From then on, the cartel invested heavily in tunnels. In the last decade, the cartel constructed a “super-tunnel” that was furnished with motorized carts, electric lights, and ventilation systems which crisscrossed the United States border (Bagley, 2012). Also, tunnels were incorporated into different escape routes. The cartel has also employed sophisticated methods of smuggling drugs. It has built numerous compartments in its vehicles where they conceal their drugs. The only way the receptacles could be opened was with some tricky procedures, like connecting different cables. They knew this technique would not be easy for the agents of border patrol to identify. Two lookouts were employed, one on the border’s each side tasked with keeping tabs on the vehicles that carried the merchandise from the Mexicali stash house until it passed inspection. After a successful smuggle into the U.S, the driver would be trailed by a third lookout two hundred miles North to L.A where the substances are offloaded for distribution.
Identify the most common drug trafficking routes. Is there a relationship between these various geographical areas?
Many countries in the Caribbean, Central America and Mexico are cocaine bund transit countries for the major consumer markets in Europe and North America. For the latter, drugs are customarily shipped from Colombia to Central America or Mexico by sea and later by land to Canada and the United States (Dell, 2015). According to the United States authority, approximately ninety percent of the drugs that enter the country cross the Mexico/U. S border, with the majority of it going through Texas. According to the estimates of the United States, about seventy percent of the drugs leave Colombia through the Pacific.
Colombia has remained the primary source of drugs found in the continent of Europe, but direct transportation from Bolivia’s Plurinational State and Peru is not as common as in the United States market (Dell, 2015). The relative essentiality of Colombia has been declining in recent years. For instance, in the year 2002, the authorities in the United Kingdom confirmed that ninety percent of the seized drugs originated from Colombia. In many other European countries, the Plurinational State of Bolivia and Peru seem to be the leading source countries of drugs.

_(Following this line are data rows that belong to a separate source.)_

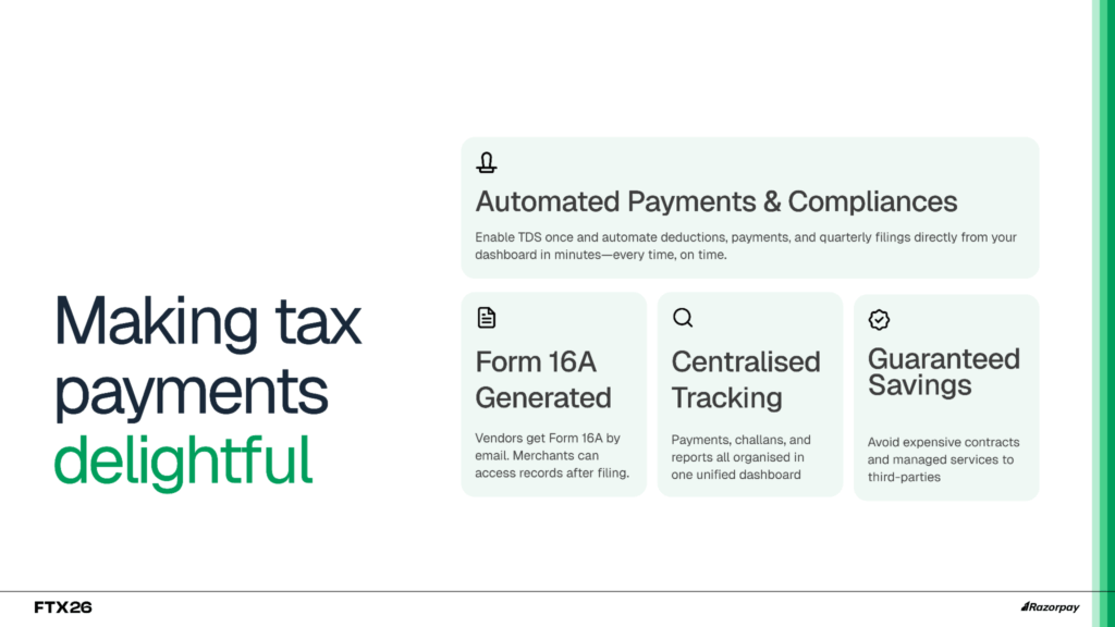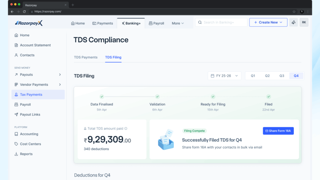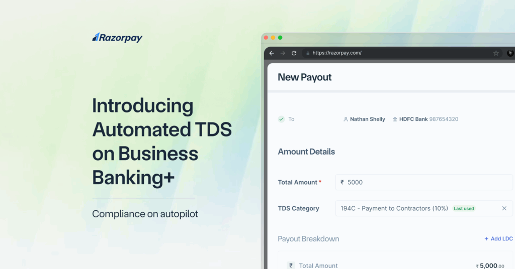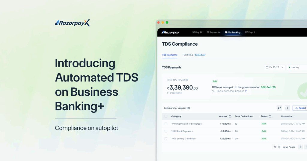 Automated TDS payouts and filing are now available as an add-on for all existing RazorpayX Business Banking+ customers. If you’re new to RazorpayX, sign up here to get started.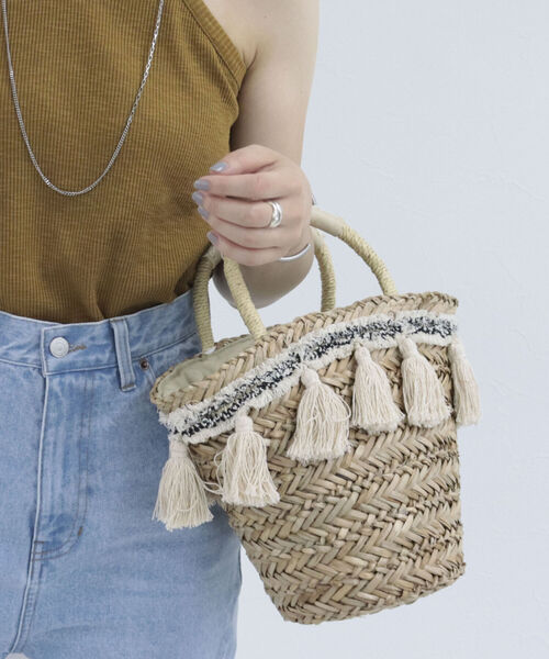 ◇fredy emue◇ 【2022 SS】 シンプルコーデにプラス!存在感のあるカゴバッグ 【point】 ・ツイード織テープと揺れるタッセルがポイント ・天然素材の水草を使用しているのでナチュラルな雰囲気に ・持ち手には合皮を巻く事により手が痛くなりにくいです ・口元は巾着なので安心して収納できます ●お取扱い上のご注意● *商品を長く愛用していただきたいため、アテンションタグを必ずご確認の上、着用又はお取り扱い下さい。 *店頭及び屋外での撮影画像は、光の当たり具合で色味が違って見える場合があります。商品の色味は、スタジオ撮影の画像をご参照下さい。 *商品画像に関しては出来る限り忠実に表示出来るよう努めておりますが、お客様がご利用のモニターの設定及び特性により、実際の商品と比較し色味に若干の誤差が生じる場合があります。 ◇商品のお気に入り登録◇ 【お気に入りに登録 ♡マークをクリック】を是非ご活用ください! 再入荷の通知や、ラスト1点の通知、セールの通知がいち早く届きます。 ◇ブランドのお気に入り登録◇ 新商品や再入荷など、いち早くブランドのお得情報が届きます。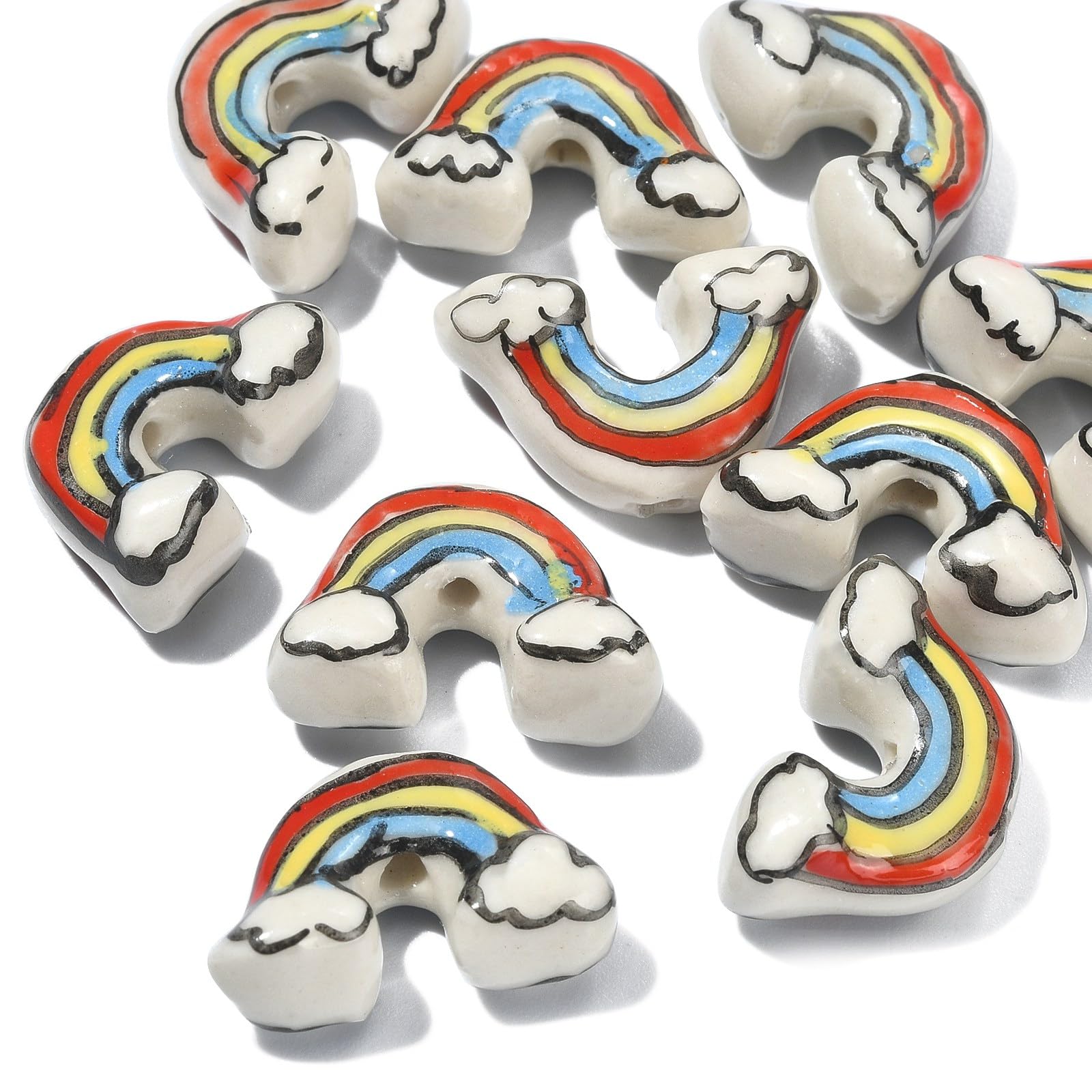 These all porcelain beads measure approximately 12.5mm in length, 18mm in width, and 8mm in thickness, with a 1.6mm hole. Each set includes 10 rainbow-colored beads, with slight variations in size, shape, and color due to handcrafted production. Made from durable porcelain, these elegant flower-shaped beads feature vibrant colors and delicate designs, ensuring they are resistant to fading and breakage while remaining lightweight for easy handling. Ideal for jewelry making and craft projects, they can be strung with beading cords, hooks, or connectors to create necklaces, bracelets, or decorative accessories. These beads are perfect for DIY activities with friends or family, offering a fun way to design personalized jewelry. They also make thoughtful gifts for occasions such as birthdays, holidays, or special celebrations, allowing you to express love and care through handcrafted creations. Suitable for various jewelry and craft projects, these rainbow porcelain beads add a charming touch to your designs.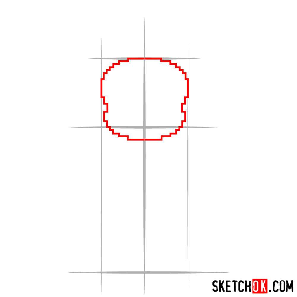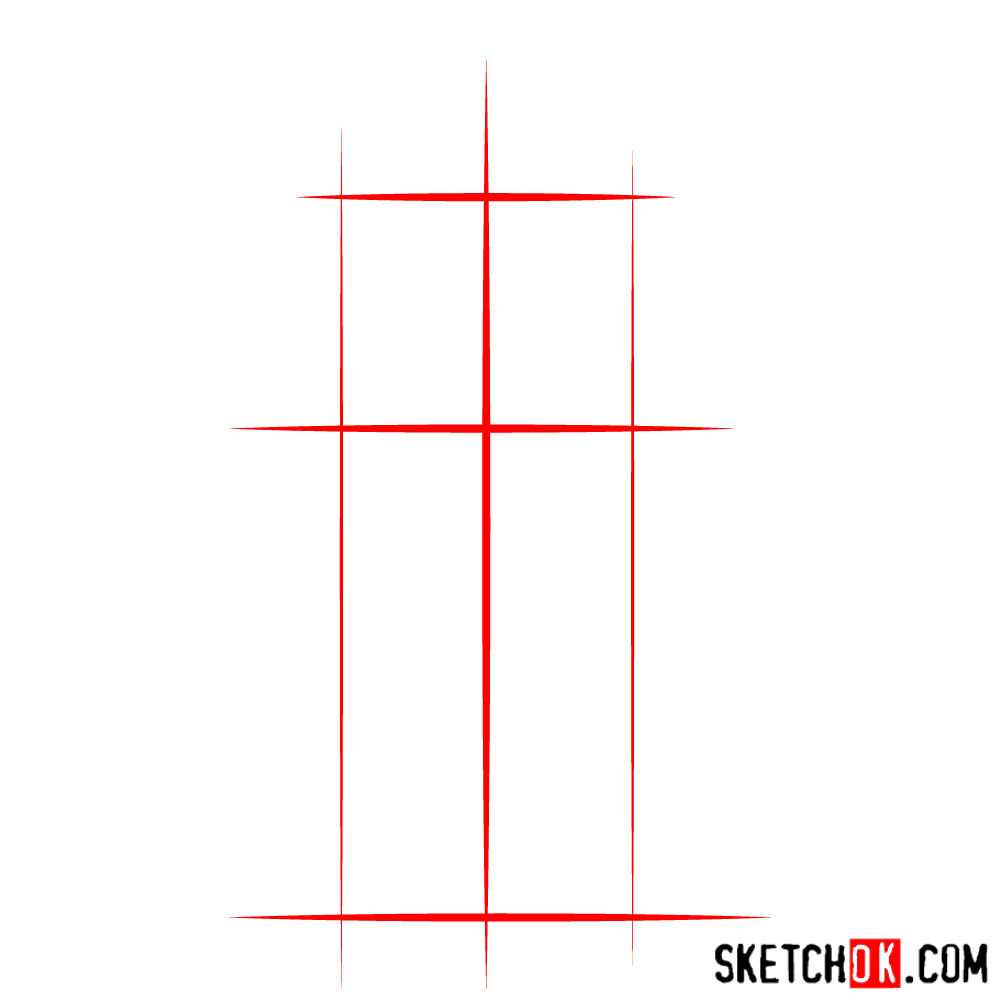 The initial images in our tutorial will guide you through this process, with red color indicating the current step, grey for the basic proportions sketch, and black for previously drawn lines.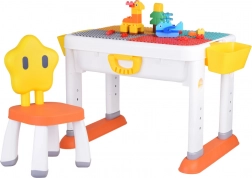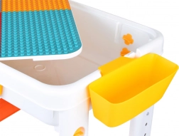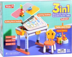 Multifunkciós 3 az 1-ben gyermekasztal állítható magasságú lábakkal, kétoldalas lappal építőkockákhoz és íráshoz, valamint praktikus tárolóhellyel. A csomagban kényelmes szék is található stabil lábakkal. Ideális játékhoz, tanuláshoz és étkezéshez – minden egy helyen. Kétoldalas lap, állítható magasság, tárolódoboz, 55 kocka a készletben és csúszásgátló elemek a biztonságos használathoz.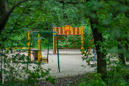 Fototapeta premium Empty playground in the park. Unused children's entertainment devices.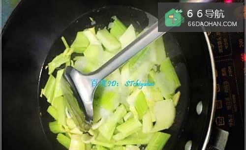 2准备一把新鲜的西芹,将西芹洗净,然后去除老的部分,将余下的切成小段状,打开电磁炉,往锅内加入适量的水,先将西芹放入水中焯一阵,去除一些食物碱,将焯过的西芹捞出沥干。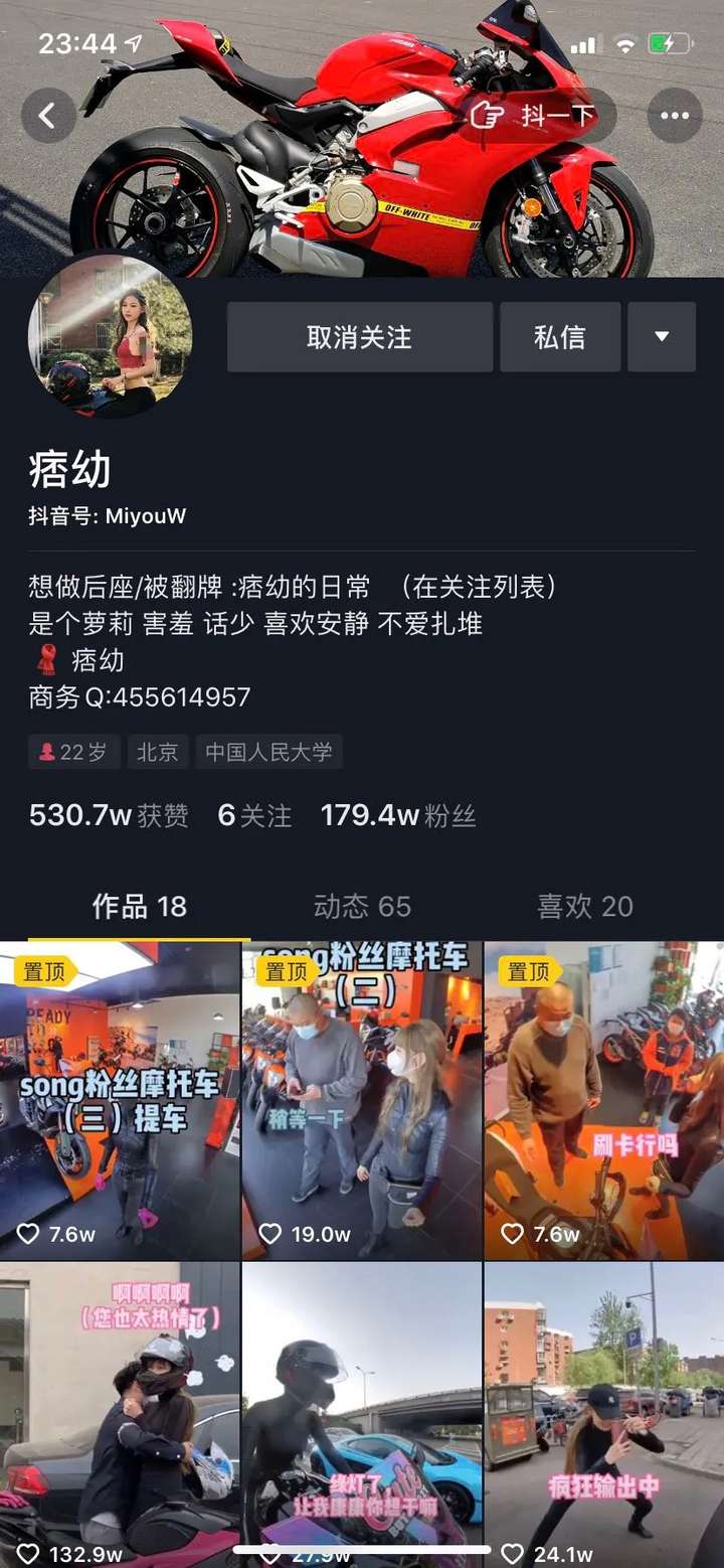 网红火起来,无非是话题性和争议性。在小编的朋友圈里,就有一个很火的女孩。她的名字叫“痞幼”。她是某短视频平台的网红,也是一个非常受欢迎身材非常劲爆的摩托车女郎。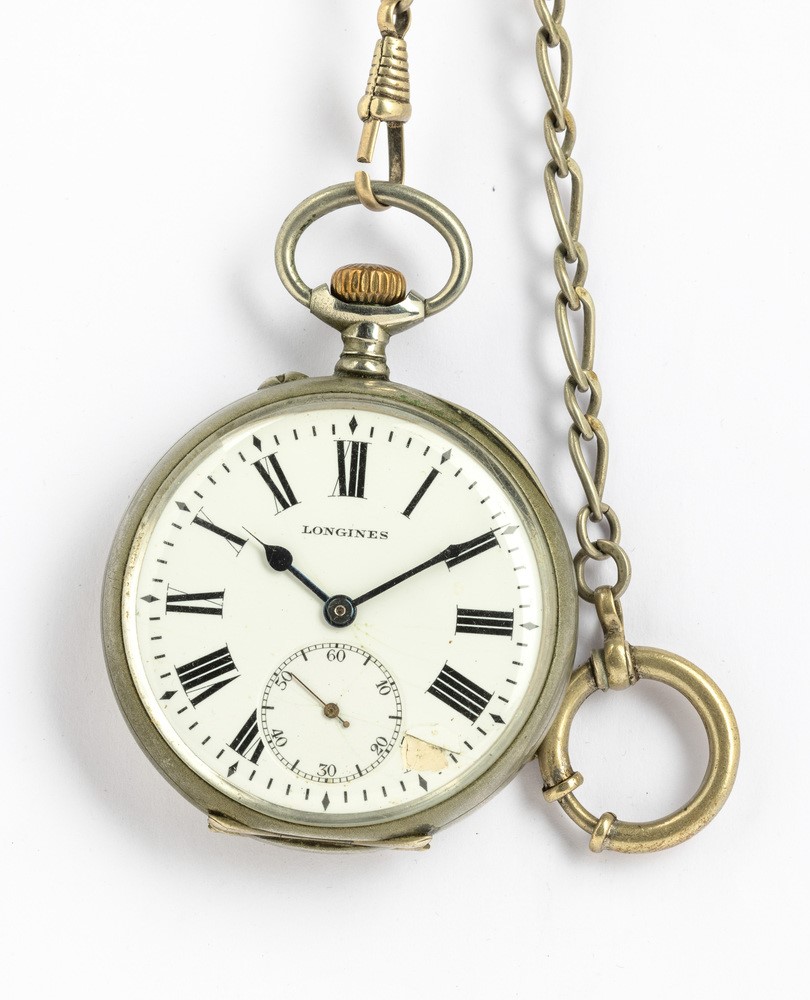 Cassa in metallo, 930-1940 circa per le ferrovie, quadrante danneggiato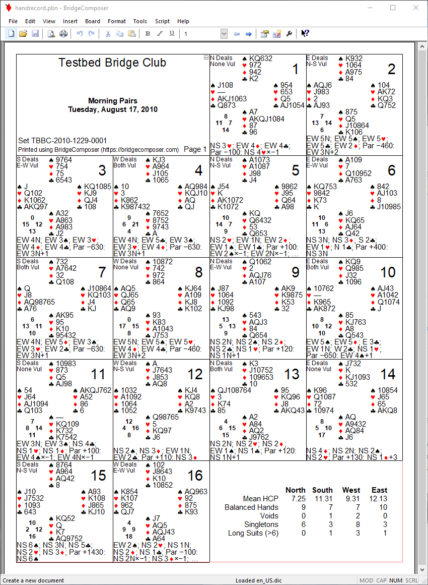 16 boards in player-takehome hand record page layout. Use Tools→Generate Random Boards and/or View→Hand Record Page Layout. See this document as a web page here, and as a PDF file here (Use File→Save As HTML and File→Save As PDF, respectively). |

Determine if the war on drugs has affected drug trafficking in the United States
The War on Drugs has been a significant effort in the U.S since the 1970s to hinder the abuse of drugs by significantly increasing enforcement, penalties, and incarceration for drug traffickers. In the year 1973, the DEA established a merger between the Bureau of Narcotics and Dangerous Drugs, the Office for Drug Abuse Law Enforcement, and the Office of Narcotics Intelligence to strengthen federal efforts for drug abuse control. The legalization of marijuana is one of the aspects of the war on drugs campaign (Moore, 2008). Marijuana seizures at the border have decreased by approximately forty percent since some states in the U.S.A. legalized its use. Due to this, a report by the Washington Post indicated that traffickers of Marijuana from Mexico have claimed that the business was not worth it anymore since they cannot compete with the local American quality and price. The price of marijuana from Mexico has decreased from one hundred dollars a kilo to twenty-five dollars, making growers in Sinaloa and Durango stop planting marijuana. In this case, it seems that the United States is winning the war on marijuana alongside the Mexican border, costing the drug cartels billions of dollars by legalizing it (Moore, 2008). However, the cartels have decided to respond to this loss by smuggling more meth, cocaine, and especially heroin. The Sinaloa Cartel vastly supplies the epidemic of heroin in the Northeast. Addicts who use prescription opiates have turned to Mexican heroin, which is less expensive.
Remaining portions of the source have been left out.